Repeat exactly the lines of the entries below from the one with "This three-drawer nightstand" through the one with "Fototapetes Citronkoka lapas, koku", both ends included, and nothing else.

Items listed in a dataset
....
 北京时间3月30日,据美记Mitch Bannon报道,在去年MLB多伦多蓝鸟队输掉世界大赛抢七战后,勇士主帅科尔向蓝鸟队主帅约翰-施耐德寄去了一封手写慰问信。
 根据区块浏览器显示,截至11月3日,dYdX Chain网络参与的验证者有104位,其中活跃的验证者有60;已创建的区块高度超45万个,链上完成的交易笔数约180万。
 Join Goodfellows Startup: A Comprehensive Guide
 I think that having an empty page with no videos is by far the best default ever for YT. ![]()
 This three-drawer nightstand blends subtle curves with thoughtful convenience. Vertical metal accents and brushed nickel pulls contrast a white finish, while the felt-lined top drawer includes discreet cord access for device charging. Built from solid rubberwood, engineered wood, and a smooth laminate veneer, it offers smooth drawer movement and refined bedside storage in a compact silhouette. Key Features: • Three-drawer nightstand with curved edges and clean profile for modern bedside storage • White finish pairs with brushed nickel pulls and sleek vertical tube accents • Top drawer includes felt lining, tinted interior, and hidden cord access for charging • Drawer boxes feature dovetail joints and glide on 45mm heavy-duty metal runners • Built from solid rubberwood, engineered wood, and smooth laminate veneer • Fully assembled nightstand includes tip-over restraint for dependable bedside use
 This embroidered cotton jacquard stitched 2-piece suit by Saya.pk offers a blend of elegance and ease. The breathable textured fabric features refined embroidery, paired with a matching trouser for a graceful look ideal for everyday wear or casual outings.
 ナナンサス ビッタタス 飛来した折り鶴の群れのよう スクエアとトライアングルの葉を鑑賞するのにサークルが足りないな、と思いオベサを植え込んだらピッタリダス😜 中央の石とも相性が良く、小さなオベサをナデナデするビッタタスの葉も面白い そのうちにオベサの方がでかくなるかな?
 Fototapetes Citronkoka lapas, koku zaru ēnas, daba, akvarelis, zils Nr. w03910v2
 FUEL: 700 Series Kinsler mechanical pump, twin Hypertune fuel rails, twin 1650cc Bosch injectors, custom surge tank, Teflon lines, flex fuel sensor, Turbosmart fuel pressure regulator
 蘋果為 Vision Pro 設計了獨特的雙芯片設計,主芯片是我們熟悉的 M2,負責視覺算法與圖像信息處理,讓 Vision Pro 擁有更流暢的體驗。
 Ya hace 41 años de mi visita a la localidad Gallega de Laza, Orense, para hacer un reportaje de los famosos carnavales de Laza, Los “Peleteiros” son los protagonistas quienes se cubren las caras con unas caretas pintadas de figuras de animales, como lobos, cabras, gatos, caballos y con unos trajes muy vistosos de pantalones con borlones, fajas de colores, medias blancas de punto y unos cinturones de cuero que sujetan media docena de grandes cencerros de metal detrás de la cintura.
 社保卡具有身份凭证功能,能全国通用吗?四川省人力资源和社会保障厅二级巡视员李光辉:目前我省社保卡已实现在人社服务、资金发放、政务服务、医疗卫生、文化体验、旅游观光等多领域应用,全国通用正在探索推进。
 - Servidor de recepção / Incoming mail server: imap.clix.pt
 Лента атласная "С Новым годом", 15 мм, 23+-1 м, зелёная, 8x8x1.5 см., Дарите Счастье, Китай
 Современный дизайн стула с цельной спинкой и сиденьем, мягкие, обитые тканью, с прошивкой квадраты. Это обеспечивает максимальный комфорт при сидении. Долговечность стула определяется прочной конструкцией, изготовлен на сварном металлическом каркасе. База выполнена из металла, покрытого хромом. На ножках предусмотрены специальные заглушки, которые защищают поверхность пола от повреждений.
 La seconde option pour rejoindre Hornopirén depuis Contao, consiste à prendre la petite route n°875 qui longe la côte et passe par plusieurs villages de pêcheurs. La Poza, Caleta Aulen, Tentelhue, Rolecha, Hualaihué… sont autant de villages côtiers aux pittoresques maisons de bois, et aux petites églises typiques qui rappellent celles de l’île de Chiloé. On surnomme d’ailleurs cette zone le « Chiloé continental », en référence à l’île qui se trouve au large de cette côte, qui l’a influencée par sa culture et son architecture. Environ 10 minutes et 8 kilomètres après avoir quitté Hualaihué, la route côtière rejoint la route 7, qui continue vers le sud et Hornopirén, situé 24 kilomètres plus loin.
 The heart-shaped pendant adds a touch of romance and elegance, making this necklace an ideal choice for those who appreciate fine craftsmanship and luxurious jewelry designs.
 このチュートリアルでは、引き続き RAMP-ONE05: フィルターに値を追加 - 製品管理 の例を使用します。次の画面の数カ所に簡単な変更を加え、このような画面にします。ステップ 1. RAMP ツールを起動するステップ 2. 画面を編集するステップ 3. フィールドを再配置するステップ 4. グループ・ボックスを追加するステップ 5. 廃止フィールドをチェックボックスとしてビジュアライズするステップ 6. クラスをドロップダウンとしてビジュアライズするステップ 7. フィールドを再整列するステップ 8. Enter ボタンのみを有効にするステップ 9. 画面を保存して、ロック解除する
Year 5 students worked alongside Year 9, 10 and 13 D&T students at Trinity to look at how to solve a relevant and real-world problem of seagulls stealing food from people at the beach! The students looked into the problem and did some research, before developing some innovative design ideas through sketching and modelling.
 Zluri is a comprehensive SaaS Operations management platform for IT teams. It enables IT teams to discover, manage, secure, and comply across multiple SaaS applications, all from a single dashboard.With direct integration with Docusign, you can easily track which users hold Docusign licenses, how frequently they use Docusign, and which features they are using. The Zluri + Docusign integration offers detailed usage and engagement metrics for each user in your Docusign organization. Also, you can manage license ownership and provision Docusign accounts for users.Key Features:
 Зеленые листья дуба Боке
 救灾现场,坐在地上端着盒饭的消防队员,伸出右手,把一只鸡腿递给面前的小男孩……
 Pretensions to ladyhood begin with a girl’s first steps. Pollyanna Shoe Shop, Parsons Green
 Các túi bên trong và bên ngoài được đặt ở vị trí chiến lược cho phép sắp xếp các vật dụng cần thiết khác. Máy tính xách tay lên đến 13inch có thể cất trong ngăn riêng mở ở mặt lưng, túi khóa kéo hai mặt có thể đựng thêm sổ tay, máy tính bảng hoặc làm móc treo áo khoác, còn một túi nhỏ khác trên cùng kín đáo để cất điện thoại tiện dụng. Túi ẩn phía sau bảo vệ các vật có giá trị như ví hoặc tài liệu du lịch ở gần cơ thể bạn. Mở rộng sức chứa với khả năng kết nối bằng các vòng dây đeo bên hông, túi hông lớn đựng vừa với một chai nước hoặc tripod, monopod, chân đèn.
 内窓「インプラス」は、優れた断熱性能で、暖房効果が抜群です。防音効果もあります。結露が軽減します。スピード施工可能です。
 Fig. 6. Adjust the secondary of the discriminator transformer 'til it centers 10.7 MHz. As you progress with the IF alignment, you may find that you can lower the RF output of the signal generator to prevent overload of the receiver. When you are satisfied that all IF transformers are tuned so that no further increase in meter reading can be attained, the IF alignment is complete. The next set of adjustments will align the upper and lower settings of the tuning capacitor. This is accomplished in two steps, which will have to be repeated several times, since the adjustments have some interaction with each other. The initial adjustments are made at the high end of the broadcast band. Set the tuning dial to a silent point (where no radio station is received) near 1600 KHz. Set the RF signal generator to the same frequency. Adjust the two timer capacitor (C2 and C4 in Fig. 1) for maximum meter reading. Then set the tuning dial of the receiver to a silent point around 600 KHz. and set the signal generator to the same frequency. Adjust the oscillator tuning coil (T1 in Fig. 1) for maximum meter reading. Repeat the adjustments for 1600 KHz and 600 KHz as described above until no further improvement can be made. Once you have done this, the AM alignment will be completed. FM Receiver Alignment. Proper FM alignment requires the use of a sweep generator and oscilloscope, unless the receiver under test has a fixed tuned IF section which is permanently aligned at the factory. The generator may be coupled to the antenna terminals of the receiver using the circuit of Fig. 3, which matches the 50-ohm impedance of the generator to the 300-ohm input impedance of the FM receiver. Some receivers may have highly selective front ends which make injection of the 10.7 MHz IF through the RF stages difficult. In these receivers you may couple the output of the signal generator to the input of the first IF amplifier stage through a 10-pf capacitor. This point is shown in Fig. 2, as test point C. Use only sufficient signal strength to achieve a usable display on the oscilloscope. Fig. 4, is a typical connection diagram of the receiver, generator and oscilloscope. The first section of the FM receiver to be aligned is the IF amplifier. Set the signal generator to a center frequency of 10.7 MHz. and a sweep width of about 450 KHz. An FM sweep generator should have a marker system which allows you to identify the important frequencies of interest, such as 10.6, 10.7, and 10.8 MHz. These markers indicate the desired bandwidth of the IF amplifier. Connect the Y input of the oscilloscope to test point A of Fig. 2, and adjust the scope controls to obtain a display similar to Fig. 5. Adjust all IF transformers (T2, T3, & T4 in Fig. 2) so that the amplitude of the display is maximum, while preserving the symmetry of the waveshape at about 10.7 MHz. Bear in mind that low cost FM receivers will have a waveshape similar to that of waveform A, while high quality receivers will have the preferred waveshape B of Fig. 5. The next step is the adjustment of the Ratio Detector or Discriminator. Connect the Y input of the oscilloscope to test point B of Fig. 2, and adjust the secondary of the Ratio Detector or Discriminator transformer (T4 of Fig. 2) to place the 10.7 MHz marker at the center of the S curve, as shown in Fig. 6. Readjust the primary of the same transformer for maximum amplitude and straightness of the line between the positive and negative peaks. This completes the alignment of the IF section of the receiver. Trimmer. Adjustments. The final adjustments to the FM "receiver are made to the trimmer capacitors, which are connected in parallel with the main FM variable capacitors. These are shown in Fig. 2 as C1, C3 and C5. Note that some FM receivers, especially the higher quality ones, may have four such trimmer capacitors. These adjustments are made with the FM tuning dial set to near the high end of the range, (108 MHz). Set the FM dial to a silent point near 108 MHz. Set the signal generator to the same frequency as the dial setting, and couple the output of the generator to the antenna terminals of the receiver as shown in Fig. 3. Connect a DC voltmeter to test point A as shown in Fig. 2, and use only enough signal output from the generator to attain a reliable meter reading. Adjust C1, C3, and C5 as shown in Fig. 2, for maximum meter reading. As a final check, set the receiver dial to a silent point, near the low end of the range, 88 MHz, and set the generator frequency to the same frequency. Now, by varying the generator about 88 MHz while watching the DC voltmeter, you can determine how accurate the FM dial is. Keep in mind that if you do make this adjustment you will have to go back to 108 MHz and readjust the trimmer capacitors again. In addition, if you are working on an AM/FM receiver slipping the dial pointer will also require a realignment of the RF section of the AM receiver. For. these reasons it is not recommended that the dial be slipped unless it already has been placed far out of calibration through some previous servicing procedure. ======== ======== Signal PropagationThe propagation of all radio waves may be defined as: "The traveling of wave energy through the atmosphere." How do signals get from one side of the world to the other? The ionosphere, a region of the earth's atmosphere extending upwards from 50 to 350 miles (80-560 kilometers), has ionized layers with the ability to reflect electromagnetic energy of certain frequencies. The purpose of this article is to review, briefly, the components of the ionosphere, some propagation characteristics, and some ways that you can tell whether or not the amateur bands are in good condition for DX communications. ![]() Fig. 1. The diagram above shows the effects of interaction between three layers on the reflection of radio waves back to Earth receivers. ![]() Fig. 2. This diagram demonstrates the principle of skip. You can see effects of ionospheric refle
....
Written answer.
 This three-drawer nightstand blends subtle curves with thoughtful convenience. Vertical metal accents and brushed nickel pulls contrast a white finish, while the felt-lined top drawer includes discreet cord access for device charging. Built from solid rubberwood, engineered wood, and a smooth laminate veneer, it offers smooth drawer movement and refined bedside storage in a compact silhouette. Key Features: • Three-drawer nightstand with curved edges and clean profile for modern bedside storage • White finish pairs with brushed nickel pulls and sleek vertical tube accents • Top drawer includes felt lining, tinted interior, and hidden cord access for charging • Drawer boxes feature dovetail joints and glide on 45mm heavy-duty metal runners • Built from solid rubberwood, engineered wood, and smooth laminate veneer • Fully assembled nightstand includes tip-over restraint for dependable bedside use
 This embroidered cotton jacquard stitched 2-piece suit by Saya.pk offers a blend of elegance and ease. The breathable textured fabric features refined embroidery, paired with a matching trouser for a graceful look ideal for everyday wear or casual outings.
 ナナンサス ビッタタス 飛来した折り鶴の群れのよう スクエアとトライアングルの葉を鑑賞するのにサークルが足りないな、と思いオベサを植え込んだらピッタリダス😜 中央の石とも相性が良く、小さなオベサをナデナデするビッタタスの葉も面白い そのうちにオベサの方がでかくなるかな?
 Fototapetes Citronkoka lapas, koku zaru ēnas, daba, akvarelis, zils Nr. w03910v2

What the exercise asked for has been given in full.